> _What you have to do_
Word for word, transcribe the data below from the line with "They have had" to the line with "Sesame seeds and", keeping both of those lines.

> _Excerpted data_
════════
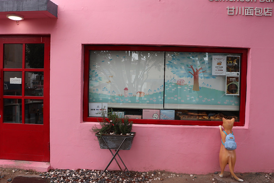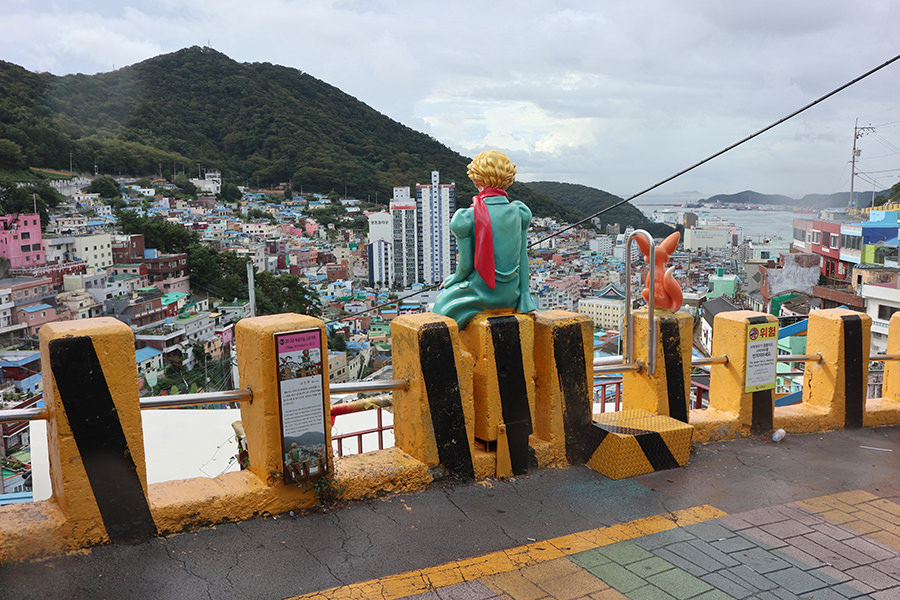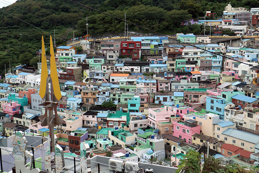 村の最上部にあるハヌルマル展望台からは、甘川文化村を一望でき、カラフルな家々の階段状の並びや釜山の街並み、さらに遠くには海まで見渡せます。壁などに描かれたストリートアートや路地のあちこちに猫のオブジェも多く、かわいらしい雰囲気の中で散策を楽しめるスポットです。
════════
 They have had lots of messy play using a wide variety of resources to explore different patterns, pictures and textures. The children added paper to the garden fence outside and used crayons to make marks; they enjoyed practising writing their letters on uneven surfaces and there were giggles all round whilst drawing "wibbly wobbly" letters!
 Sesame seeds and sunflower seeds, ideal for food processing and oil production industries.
════════
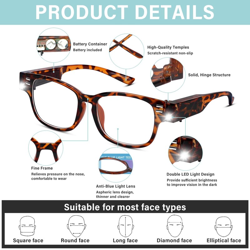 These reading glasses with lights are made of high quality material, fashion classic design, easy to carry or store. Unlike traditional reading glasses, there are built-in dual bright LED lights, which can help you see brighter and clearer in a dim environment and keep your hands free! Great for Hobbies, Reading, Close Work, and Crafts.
════════
> _Response area_
 They have had lots of messy play using a wide variety of resources to explore different patterns, pictures and textures. The children added paper to the garden fence outside and used crayons to make marks; they enjoyed practising writing their letters on uneven surfaces and there were giggles all round whilst drawing "wibbly wobbly" letters!
 Sesame seeds and sunflower seeds, ideal for food processing and oil production industries.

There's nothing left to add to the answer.